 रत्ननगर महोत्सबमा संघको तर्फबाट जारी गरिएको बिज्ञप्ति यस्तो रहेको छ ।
* * *
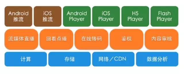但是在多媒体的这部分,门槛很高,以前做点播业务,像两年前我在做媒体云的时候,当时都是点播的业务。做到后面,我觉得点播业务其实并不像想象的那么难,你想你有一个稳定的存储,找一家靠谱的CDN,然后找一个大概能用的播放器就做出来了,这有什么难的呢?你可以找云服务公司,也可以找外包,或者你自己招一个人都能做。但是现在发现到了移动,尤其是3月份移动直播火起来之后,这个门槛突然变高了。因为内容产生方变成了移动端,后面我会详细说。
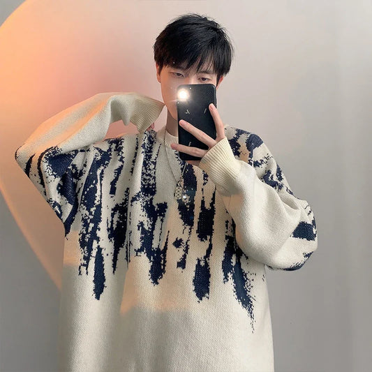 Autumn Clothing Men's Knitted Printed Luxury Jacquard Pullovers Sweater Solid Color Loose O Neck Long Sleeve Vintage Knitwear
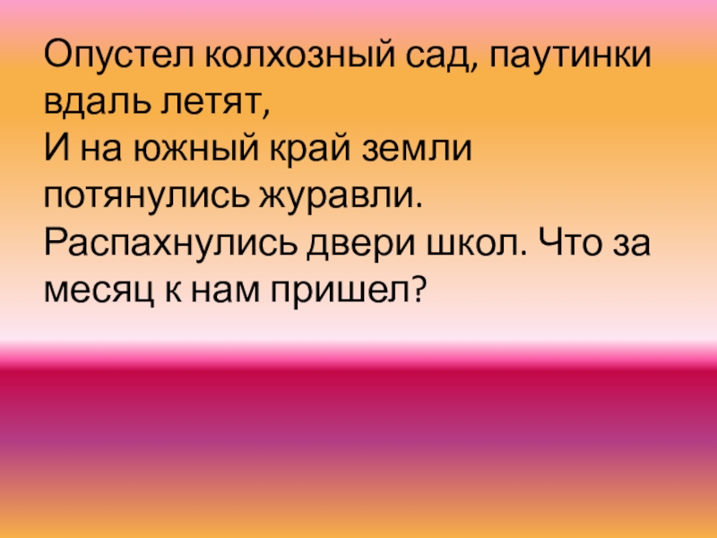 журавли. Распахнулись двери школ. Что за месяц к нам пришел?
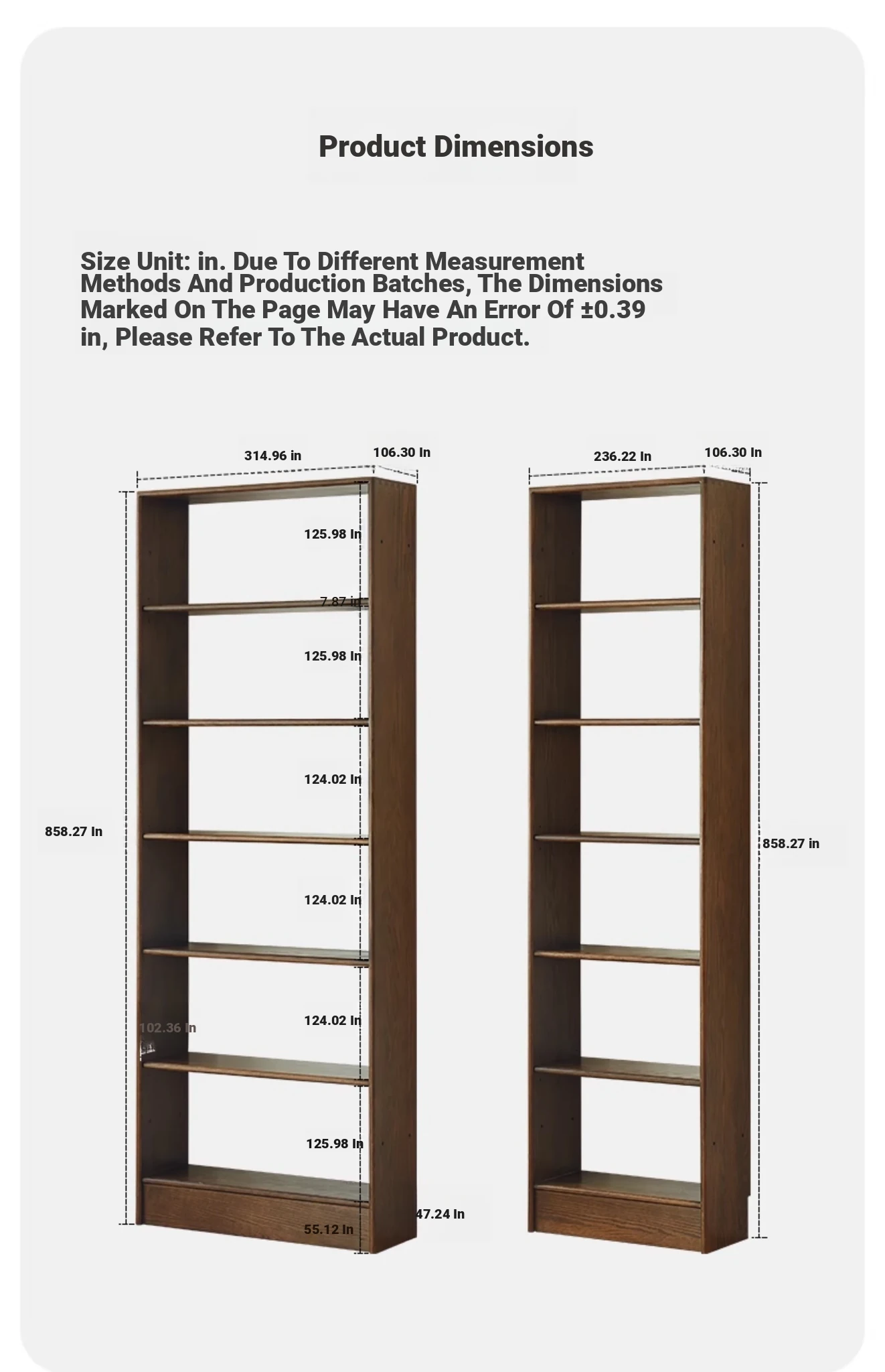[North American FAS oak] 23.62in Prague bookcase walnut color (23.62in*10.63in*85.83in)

## [Instructions for the task]
Using the records above, print exactly the lines between the ones containing "журавли. Распахнулись двери" and "[North American FAS", inclusive, and nothing else; no pictures.

## [Response box]
 журавли. Распахнулись двери школ. Что за месяц к нам пришел?
[North American FAS oak] 23.62in Prague bookcase walnut color (23.62in*10.63in*85.83in)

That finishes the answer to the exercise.